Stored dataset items

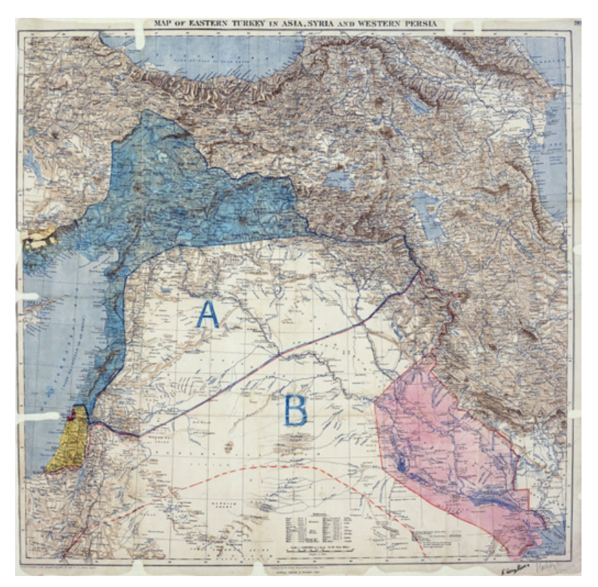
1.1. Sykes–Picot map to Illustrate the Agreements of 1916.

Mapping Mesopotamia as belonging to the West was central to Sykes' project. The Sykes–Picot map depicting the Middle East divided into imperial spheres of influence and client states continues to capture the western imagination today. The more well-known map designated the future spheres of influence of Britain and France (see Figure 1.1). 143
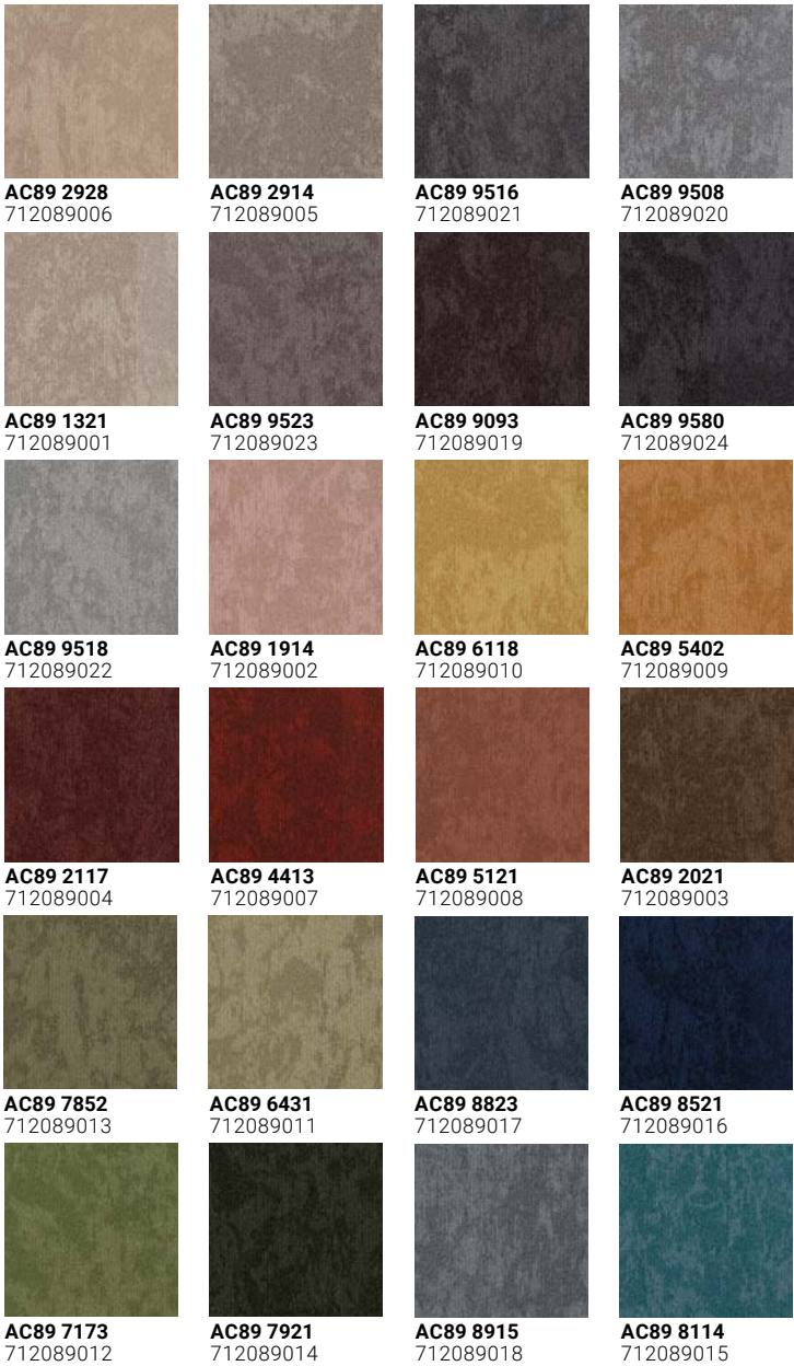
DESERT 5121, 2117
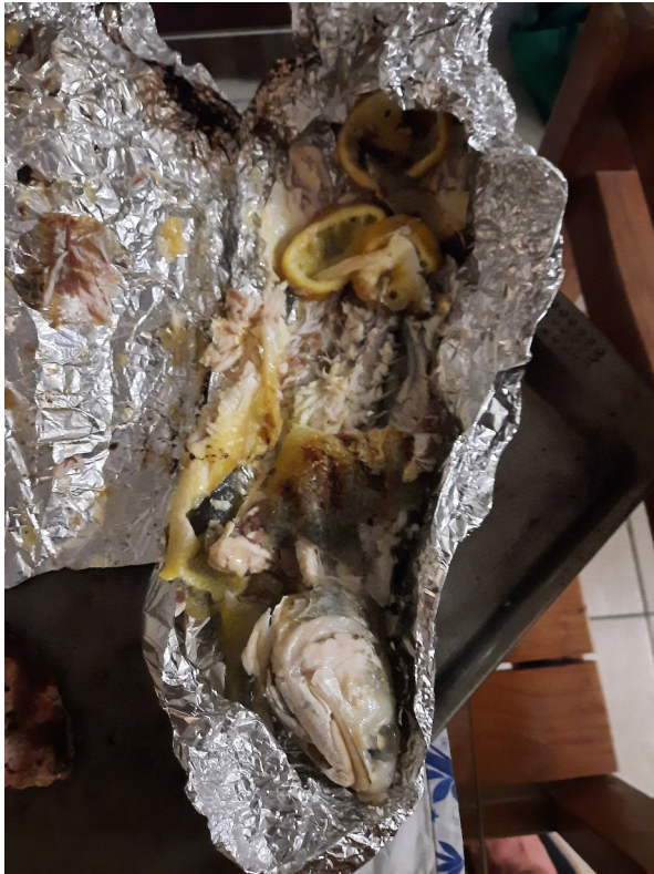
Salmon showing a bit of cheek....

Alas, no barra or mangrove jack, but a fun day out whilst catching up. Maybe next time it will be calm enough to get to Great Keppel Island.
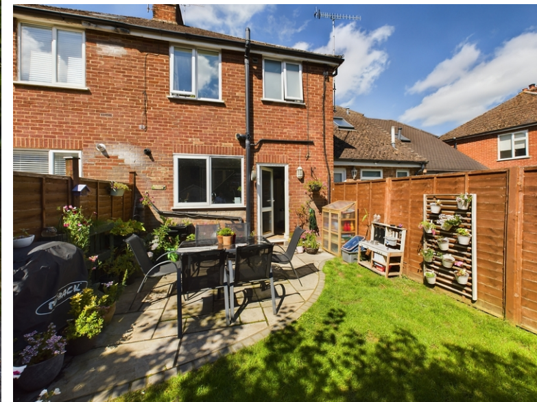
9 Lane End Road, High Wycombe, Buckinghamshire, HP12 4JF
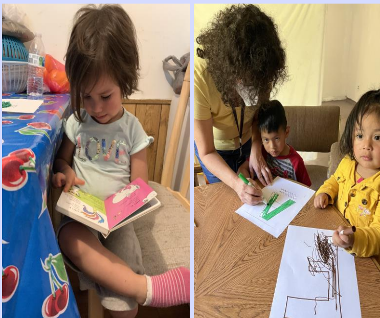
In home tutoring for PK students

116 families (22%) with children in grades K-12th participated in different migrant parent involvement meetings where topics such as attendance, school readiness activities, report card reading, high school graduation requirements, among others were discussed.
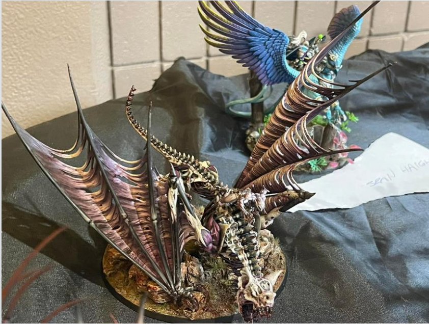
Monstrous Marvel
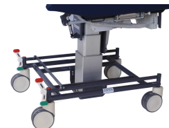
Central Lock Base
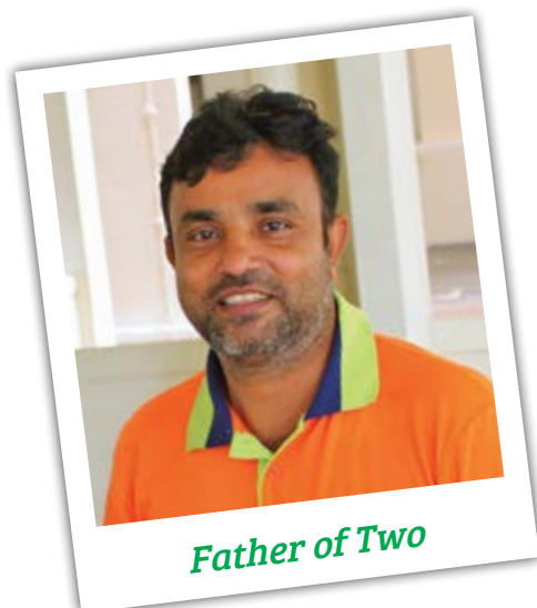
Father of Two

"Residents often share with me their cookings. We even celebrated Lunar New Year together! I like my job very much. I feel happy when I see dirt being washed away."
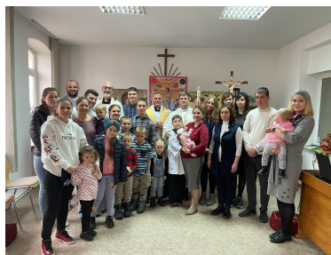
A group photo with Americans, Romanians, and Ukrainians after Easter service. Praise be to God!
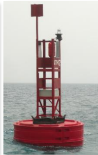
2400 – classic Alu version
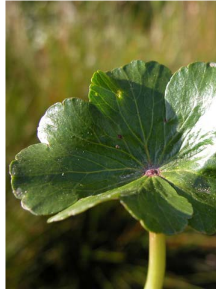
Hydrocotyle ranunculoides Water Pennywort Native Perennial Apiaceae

■ REQUIRED ACTION ■
Provide the lines again, unchanged, from where the data above begins through the line containing "Father of Two", both ends included, omitting pictures and adding nothing.

■ TASK ANSWER ■
1.1. Sykes–Picot map to Illustrate the Agreements of 1916.

Mapping Mesopotamia as belonging to the West was central to Sykes' project. The Sykes–Picot map depicting the Middle East divided into imperial spheres of influence and client states continues to capture the western imagination today. The more well-known map designated the future spheres of influence of Britain and France (see Figure 1.1). 143
DESERT 5121, 2117
Salmon showing a bit of cheek....

Alas, no barra or mangrove jack, but a fun day out whilst catching up. Maybe next time it will be calm enough to get to Great Keppel Island.
9 Lane End Road, High Wycombe, Buckinghamshire, HP12 4JF
In home tutoring for PK students

116 families (22%) with children in grades K-12th participated in different migrant parent involvement meetings where topics such as attendance, school readiness activities, report card reading, high school graduation requirements, among others were discussed.
Monstrous Marvel
Central Lock Base
Father of Two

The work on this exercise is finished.